HALSEY on 9/2/45

9-1-18

(found online {University of Michigan} ADMIRAL HALSEY’S STORY published in 1947 by the Curtis Publishing Company).

Halsey describes the events of September 2, 1945, aboard the battleship Missouri for the Signing of the   Documents of Surrender.   (excerpts)

. . . A table with the two sets of surrender documents stood on the starboard veranda deck. almost in the shadow of No. 2 turret, MacArthur and Nimitz took their places behind it, and I joined the line of Navy officers.   The ceremony opened with a short address by MacArthur, beautifully phrased and forcefully read.   His voice was clear and firm, but his hands shook with emotion.   When he had finished, he pointed to a chair at the opposite side of the table and almost spat out, “The representatives of the Imperial Japanese Staff will now come forward and sign!”     (My flag log records it thus: “0903.   Jap envoys were asked to sign.   They did.”)
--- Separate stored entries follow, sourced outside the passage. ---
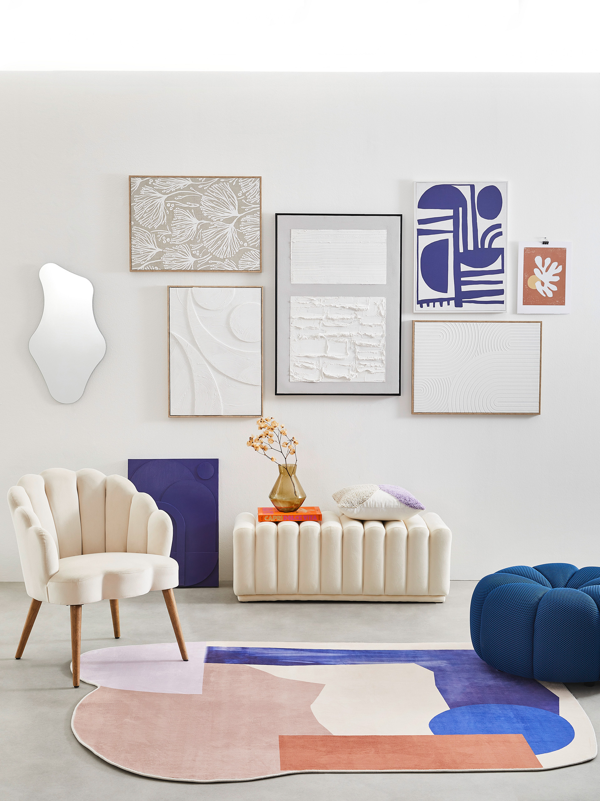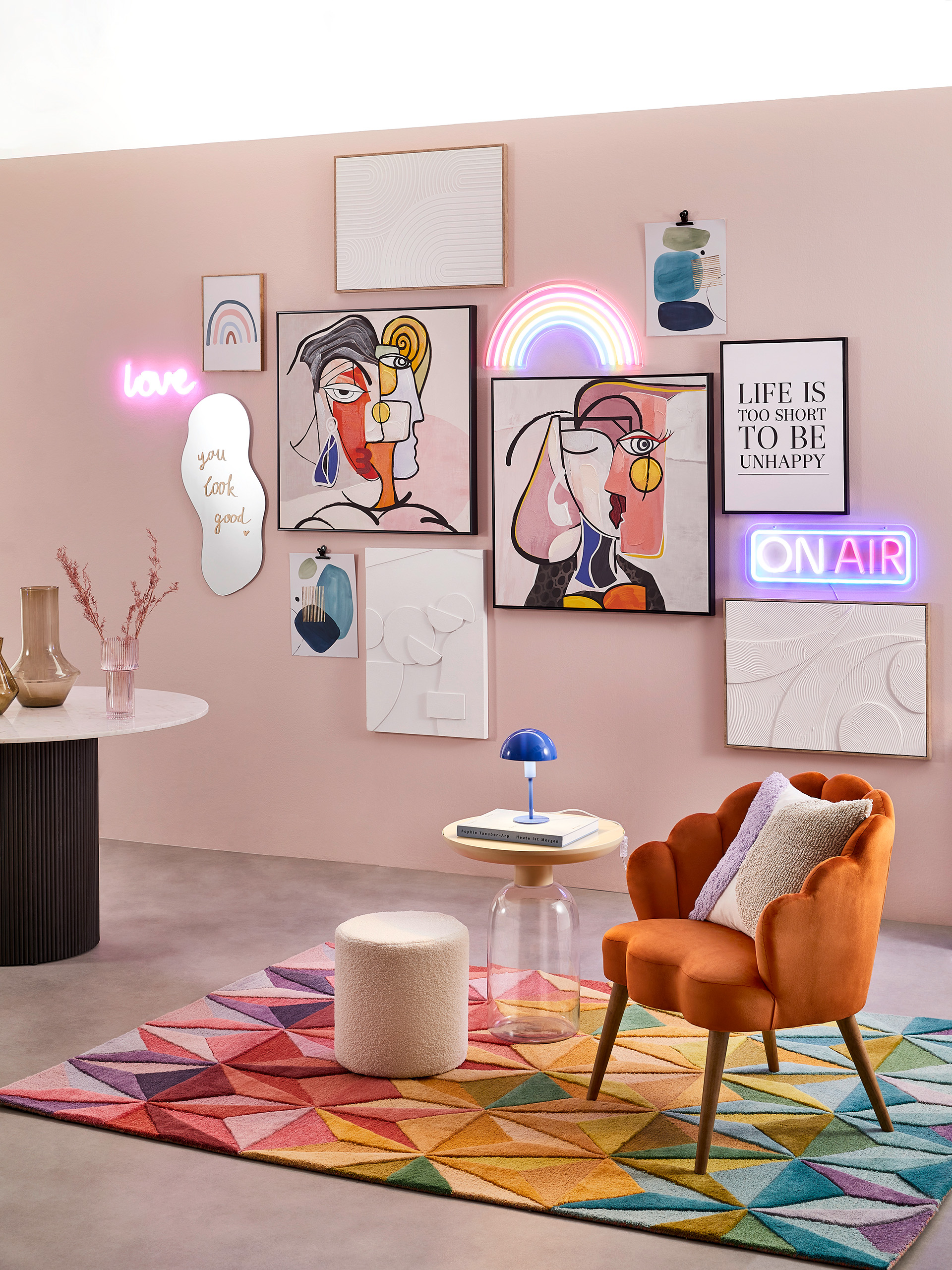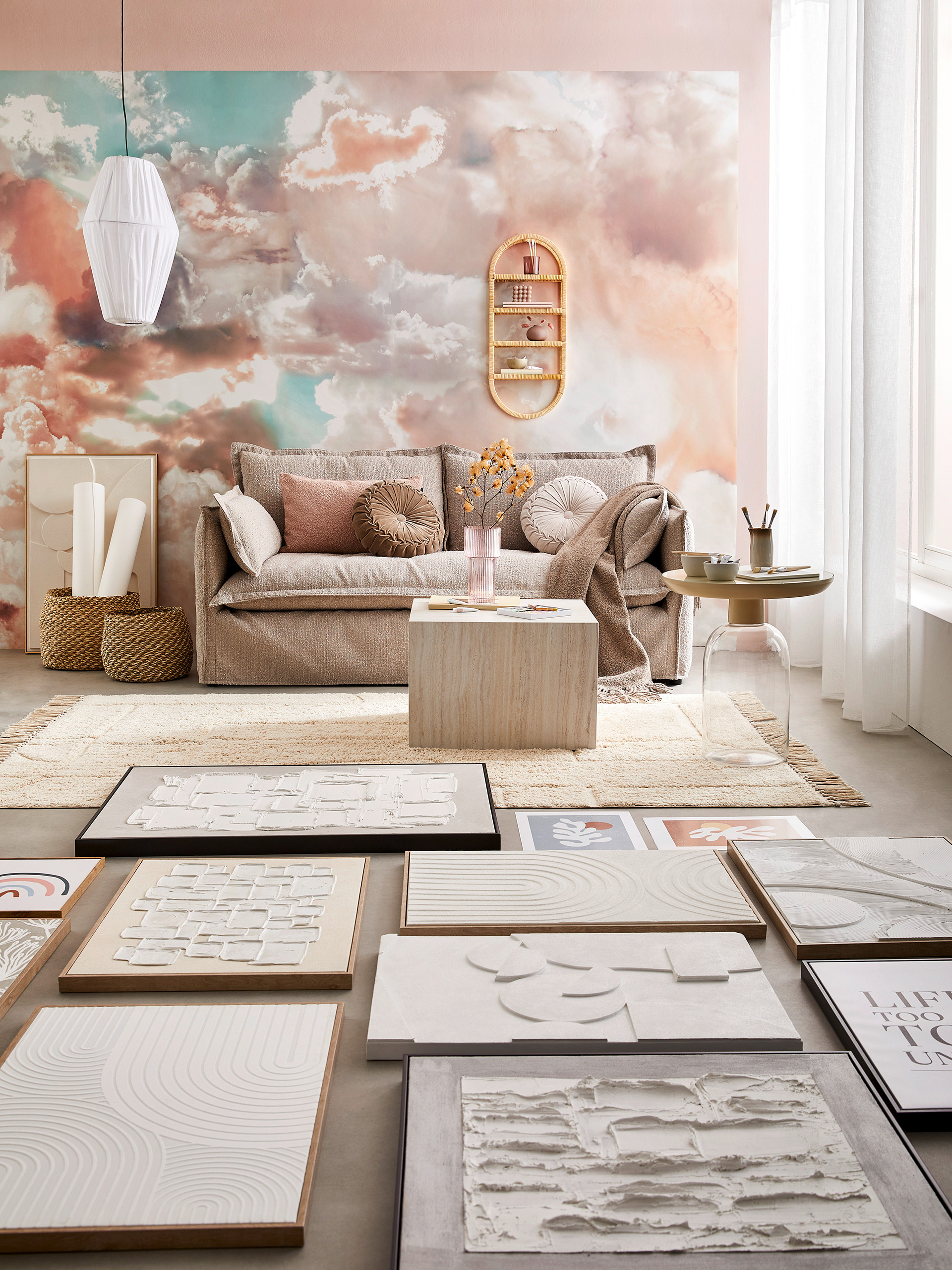 Im Fokus der trendigen Kollektion stehen Gemälde in einer Vielzahl an Designs und Größen. Dazu gehören handwerklich anmutende Bilder, florale Muster sowie kontrastierende grafische Zeichnungen und Kunstdrucke. Kombiniert werden die Bilder mit Schriftzügen, leuchtender Wanddekoration und Spiegeln in organischen Formen, die ein einzigartiges Ensemble ergeben. Für einen besonders harmonischen Eindruck kommen passende Accessoires wie Leuchten, Vasen oder Wohntextilien zum Einsatz, die Muster und Farben der Wandkunst aufgreifen und den Wohnraum in ein echtes Künstler-Atelier verwandeln.
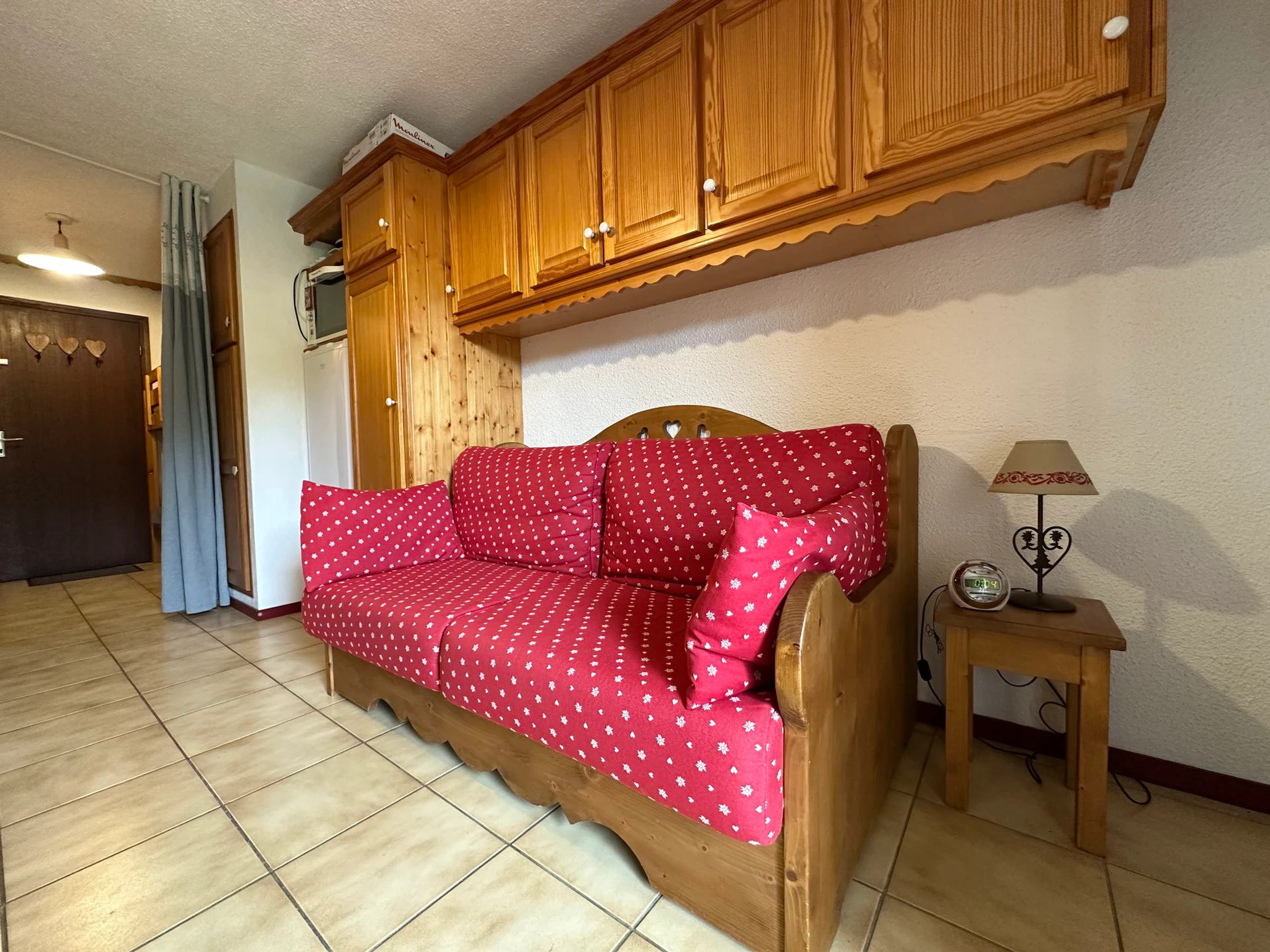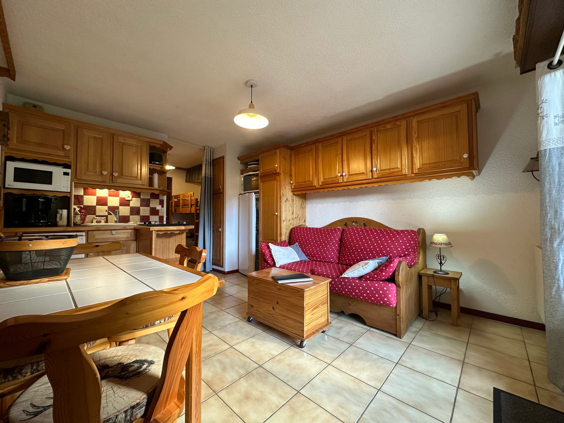 With a surface area of 21.20m², this apartment offers a comfortable space for a pleasant holiday in the mountains.Upon entering, you will find a mountain area, a bathroom equipped with a bathtub, separate toilet, a living area with sofa bed, TV, an equipped kitchen area.
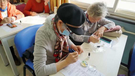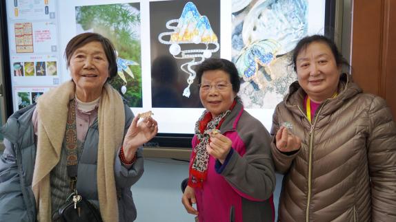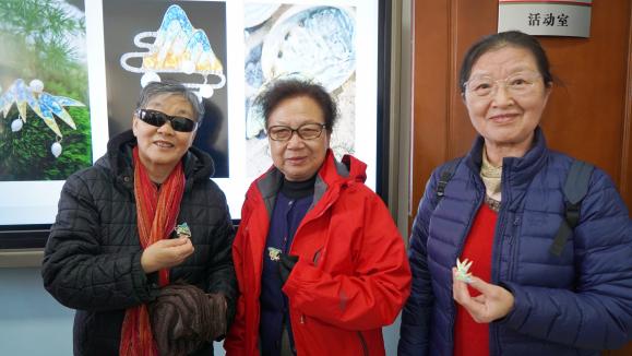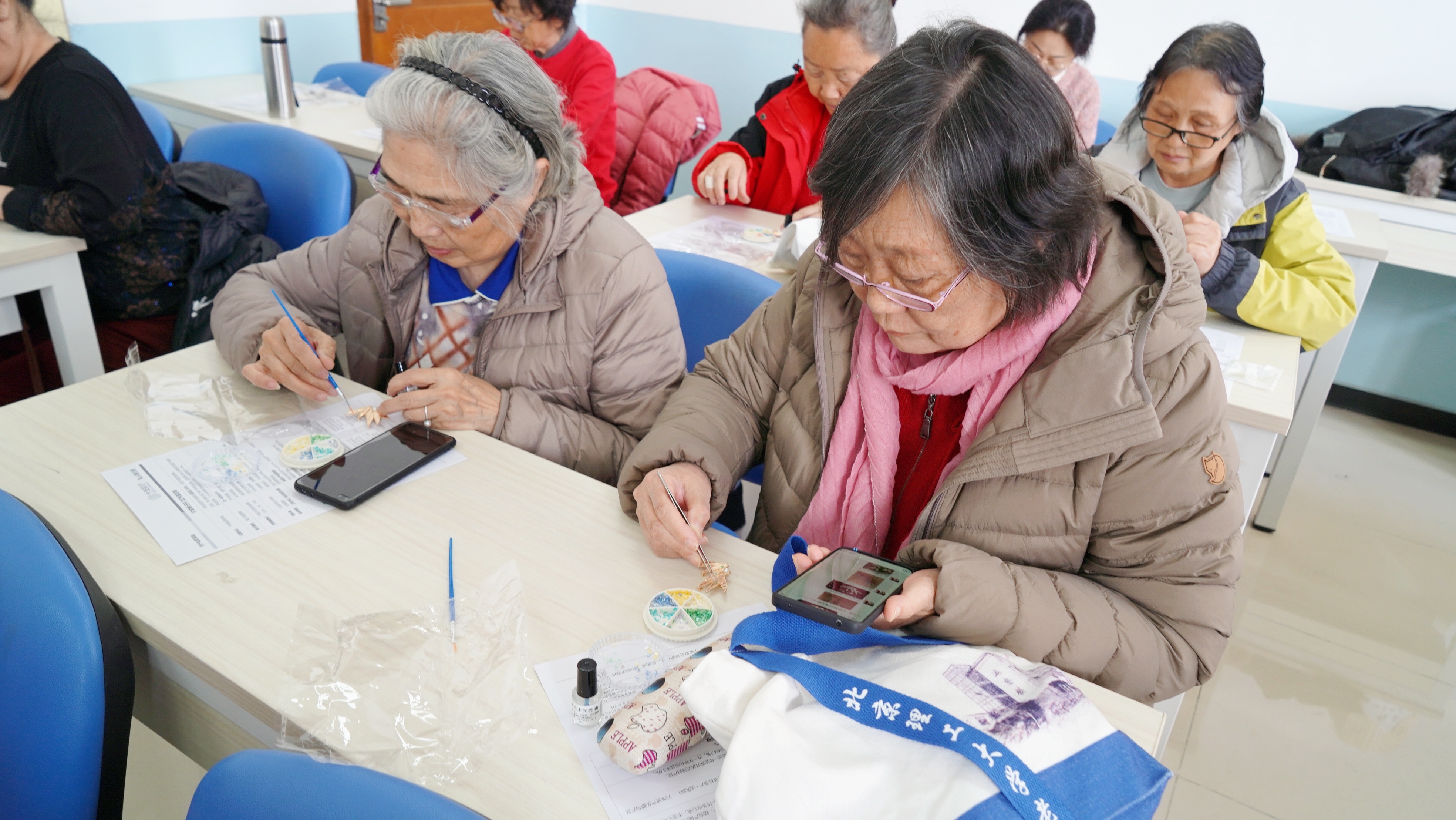 在志愿者的细致讲解下,老同志们充分发挥自己的想象力和创造力,用特制胶水将裁剪好的螺钿片粘贴在金属底托上,不断调整角度,让螺钿片的光泽能以最佳状态呈现,搭配出个性定制的美丽图案。

The Foreign Minister, Mamoru Shigemitsu, who was to sign for the Emperor, limped toward the table, leaning on a cane. He had lost his leg to a grenade thrown by a Korean in Shanghai; Nomura, later Ambassador to Washington, lost an eye at the same time . . . He took off his gloves and silk hat, sat down, dropped his cane, picked it up, fiddled with his hat and gloves, and shuffled the papers.   He pretended to be looking for a pen   –   an underling finally brought him one   –   but I felt certain that he was stalling for time, though God knows what he was trying to accomplish.   His performance made me so mad that when we returned to my cabin after the ceremony, I told MacArthur, “General, you nearly had a contretemps the morning.”
        “How’s that?” he asked.
        “When Shigemitsu was stalling out there, I wanted to slap him and tell him, ‘Sign, damn you! Sign!'”
        MacArthur said, “Why didn’t you?”

The second Jap, Gen. Yoshijiro Umezu, who was to sign for the Imperial General Staff, he did his job briskly; he didn’t even sit down for it.
        MacArthur was next, as Supreme Commander for the Allied Powers, then came their various representatives, led by Chester [Nimitz].   His war plans officer, Rear Adm. Forrest P. Sherman and I were invited to stand behind his chair while he signed.   Newsreels show MacArthur putting his arm around my shoulder at this moment and whispering to me, and many of my friends have asked what he was saying. Again we fell short of the solemn occasion.   MacArthur said, “Start ’em now.”
        I said, “Aye, aye, sir!”
        He was referring to a mass flight of 450 planes from TF 38, which we had ordered to orbit at a distance until we gave the word.   We passed it to them now, and they roared over the Missouri mast-high.